> **Input data**:
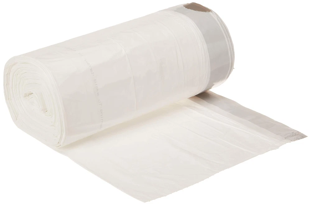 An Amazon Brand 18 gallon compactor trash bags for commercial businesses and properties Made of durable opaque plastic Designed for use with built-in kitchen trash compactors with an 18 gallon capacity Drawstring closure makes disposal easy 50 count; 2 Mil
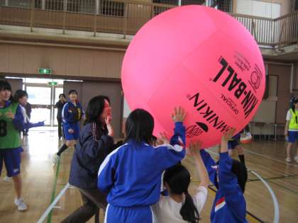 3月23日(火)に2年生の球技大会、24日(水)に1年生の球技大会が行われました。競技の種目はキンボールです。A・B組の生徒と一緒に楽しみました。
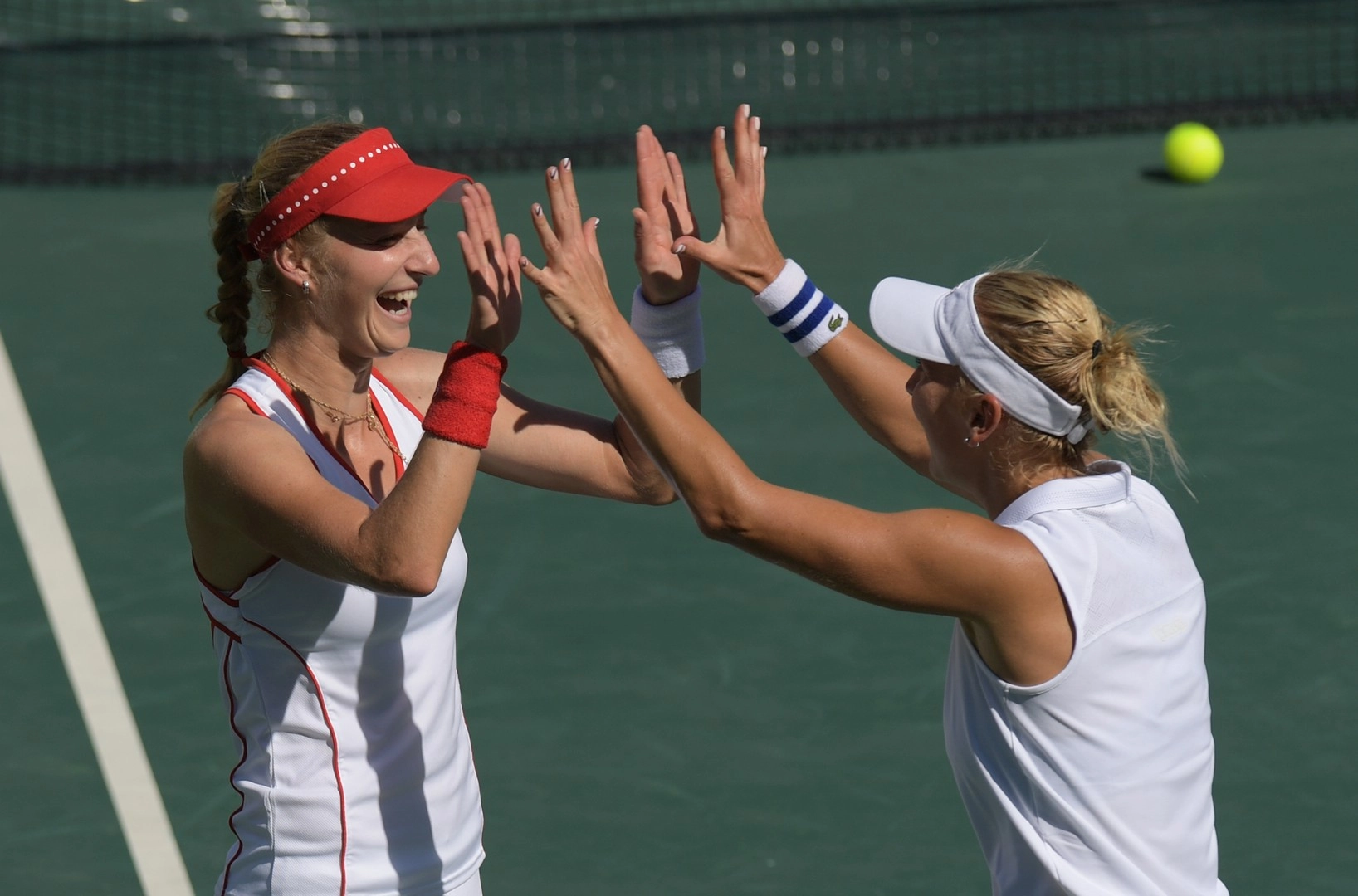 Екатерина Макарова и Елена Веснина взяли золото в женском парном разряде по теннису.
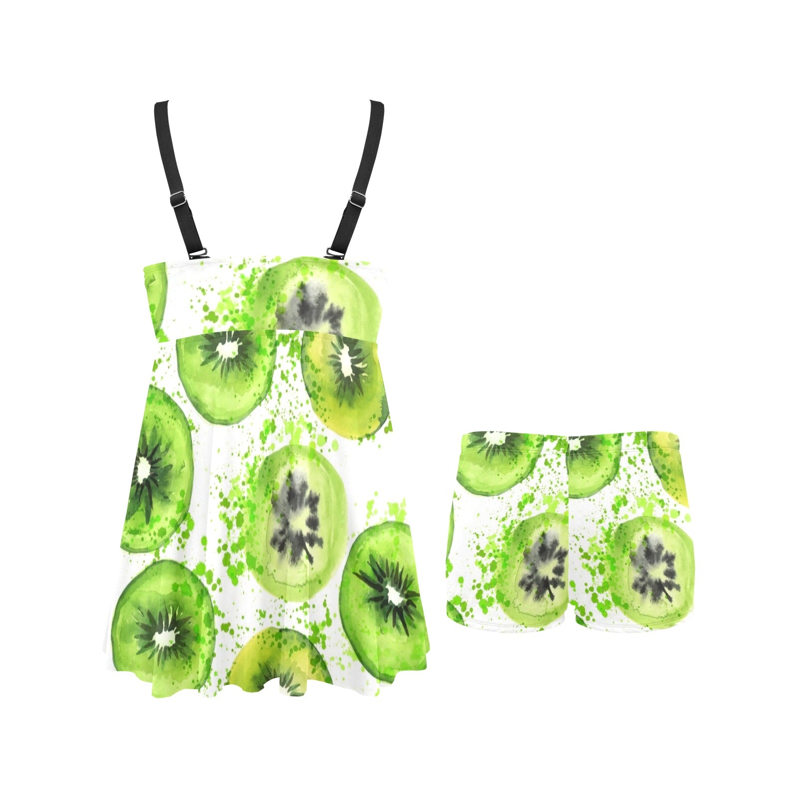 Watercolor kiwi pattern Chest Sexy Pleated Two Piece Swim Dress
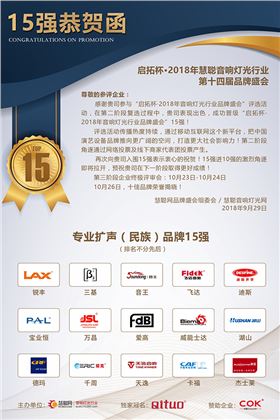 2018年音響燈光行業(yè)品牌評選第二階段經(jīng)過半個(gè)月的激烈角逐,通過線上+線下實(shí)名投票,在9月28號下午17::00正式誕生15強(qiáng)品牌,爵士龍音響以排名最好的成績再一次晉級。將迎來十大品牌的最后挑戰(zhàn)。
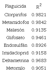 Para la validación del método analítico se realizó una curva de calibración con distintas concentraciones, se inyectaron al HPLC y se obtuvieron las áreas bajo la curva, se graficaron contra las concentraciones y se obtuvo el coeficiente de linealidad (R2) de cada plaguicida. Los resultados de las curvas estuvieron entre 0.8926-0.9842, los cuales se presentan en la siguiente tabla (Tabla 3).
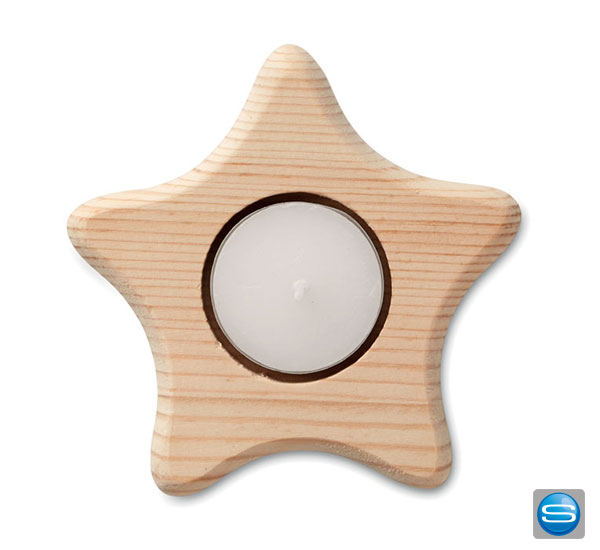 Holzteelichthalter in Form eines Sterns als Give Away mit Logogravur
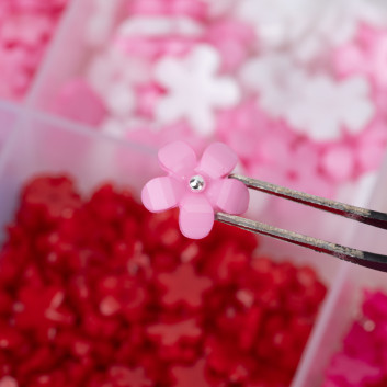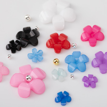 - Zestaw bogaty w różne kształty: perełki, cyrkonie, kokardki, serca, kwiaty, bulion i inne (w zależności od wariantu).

> **Exercise objective**:
Copy the records exactly. Skip any pictures.

> **Solution to the problem**:
 An Amazon Brand 18 gallon compactor trash bags for commercial businesses and properties Made of durable opaque plastic Designed for use with built-in kitchen trash compactors with an 18 gallon capacity Drawstring closure makes disposal easy 50 count; 2 Mil
 3月23日(火)に2年生の球技大会、24日(水)に1年生の球技大会が行われました。競技の種目はキンボールです。A・B組の生徒と一緒に楽しみました。
 Екатерина Макарова и Елена Веснина взяли золото в женском парном разряде по теннису.
 Watercolor kiwi pattern Chest Sexy Pleated Two Piece Swim Dress
 2018年音響燈光行業(yè)品牌評選第二階段經(jīng)過半個(gè)月的激烈角逐,通過線上+線下實(shí)名投票,在9月28號下午17::00正式誕生15強(qiáng)品牌,爵士龍音響以排名最好的成績再一次晉級。將迎來十大品牌的最后挑戰(zhàn)。
 Para la validación del método analítico se realizó una curva de calibración con distintas concentraciones, se inyectaron al HPLC y se obtuvieron las áreas bajo la curva, se graficaron contra las concentraciones y se obtuvo el coeficiente de linealidad (R2) de cada plaguicida. Los resultados de las curvas estuvieron entre 0.8926-0.9842, los cuales se presentan en la siguiente tabla (Tabla 3).
 Holzteelichthalter in Form eines Sterns als Give Away mit Logogravur
 - Zestaw bogaty w różne kształty: perełki, cyrkonie, kokardki, serca, kwiaty, bulion i inne (w zależności od wariantu).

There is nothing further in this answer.